Key Takeaways
- Oracle shares declined as much as 7.6% during premarket hours Tuesday following a Wall Street Journal report indicating OpenAI failed to achieve key performance benchmarks.
- The tech giant maintains a five-year, $300 billion cloud infrastructure agreement with OpenAI, representing the lion’s share of its cloud commitments.
- Market contagion spread as SoftBank tumbled 9.9% and CoreWeave slipped 7.6% in premarket sessions due to OpenAI-related concerns.
- A former hedge fund manager raised alarms about Oracle’s true debt exposure, suggesting off-balance-sheet financing may obscure the complete picture.
- Wall Street maintains optimism with 34 of 44 analysts rating Oracle as a Buy, including Wedbush’s Dan Ives who holds a $225 price objective.
Shares of Oracle (ORCL) tumbled up to 7.6% during Tuesday’s premarket session following a Wall Street Journal exposé that cast doubt on OpenAI’s capacity to fulfill its substantial financial commitments.
According to the report, OpenAI has underperformed against internal benchmarks for both platform adoption and revenue generation in recent months. The artificial intelligence leader had established a goal of reaching 1 billion weekly active users by year-end 2025 but came up short.
Additionally, the company failed to hit several monthly revenue milestones earlier this year amid intensifying competition in the coding assistant and enterprise AI markets.
ChatGPT’s dominance in generative AI web traffic eroded from 86.7% twelve months ago to 64.5% in January 2026. Meanwhile, Gemini’s market share expanded from 5.7% to 21.5% during the identical timeframe.
Reports indicate that OpenAI’s CFO Sarah Friar has voiced internal apprehension regarding the company’s ability to honor future computing infrastructure commitments should revenue expansion remain sluggish.
This poses a significant challenge for Oracle. The enterprise technology leader secured a $300 billion, five-year contract to deliver computational resources to OpenAI — an agreement that constitutes the majority of Oracle’s enormous cloud services backlog.
Oracle’s outstanding performance obligations have skyrocketed 325% to $553 billion. The corporation is simultaneously pursuing $50 billion in combined debt and equity financing to support additional data center infrastructure.
The complication? The substantial revenue stream from the OpenAI partnership isn’t anticipated to materialize until the following year. Oracle is deploying capital immediately while revenue recognition remains deferred.
Questions Surrounding Oracle’s Leverage
Former Fidelity hedge fund manager George Noble delivered particularly pointed criticism. He cautioned that Oracle employs project financing mechanisms that effectively exclude tens of billions in obligations from its consolidated balance sheet.
“So when analysts quote Oracle’s debt load, they’re UNDERSTATING the actual exposure by a meaningful margin,” Noble wrote on X.
He further implied that recent financial results may benefit from accounting treatments and expense reductions, cautioning the overarching investment thesis could “end HORRIBLY.”
Oracle’s equity has already experienced substantial compression — shares have retreated approximately 50% from the 52-week peak established last September.
The selloff rippled across related securities. SoftBank, which maintains a 13% stake in OpenAI, plummeted 9.9% in Tokyo trading. CoreWeave, holding cloud infrastructure contracts with OpenAI valued at up to $22.4 billion, declined 7.6% premarket.

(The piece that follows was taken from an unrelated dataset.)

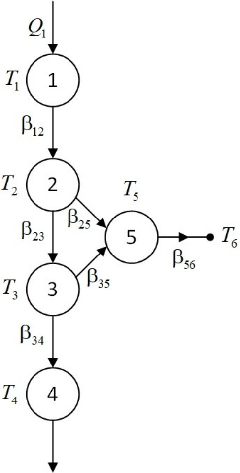 Теплообменный аппарат. Функция теплообменника - обмен тепла между греющим и нагреваемым теплоносителями. Теплоносители не взаимодействуют напрямую друг с другом, они передают тепло стенке, разделяющей потоки. Эксперименты показали, что повысить точность модели теплообменника позволяет представление стенки, разделяющей потоки, в виде двух взаимодействующих тепловых масс, обменивающихся энергией друг с другом и с внешней поверхностью, которая отдает тепло вовне. Тепловые массы модели теплообменника и тепловые потоки между ними изображены на рис. 3. Привнесение энергии в систему происходит через первую тепловую массу (объем греющего теплоносителя), а отток - через четвертую (объем нагреваемого теплоносителя) и пятую (внешнюю поверхность теплообменника, взаимодействующую с внешней средой). В модели теплообменника наблюдается полная аналогия с моделью котла: распределение выходных потоков зависит от КПД теплообменника, окружающая среда выступает тепловой массой с бесконечно большой теплоемкостью.

Wall Street Sentiment Remains Constructive
Notwithstanding recent volatility, the analyst community hasn’t abandoned Oracle. Among 44 analysts monitored by Koyfin, 34 maintain Buy-equivalent ratings or better, with consensus price targets suggesting approximately 40% appreciation potential.
Wedbush analyst Dan Ives reaffirmed his Outperform stance and $225 valuation target on April 24. He contends the market is incorrectly interpreting Oracle’s aggressive capital deployment as vulnerability rather than strategic long-term infrastructure positioning.
Ives emphasized that Oracle has already fortified its financial foundation by securing $30 billion through investment-grade bond offerings and preferred equity instruments.
OpenAI, for its part, told the Journal it was “buying as much compute as we can.” The company did not immediately respond to Barron’s request for comment Tuesday morning.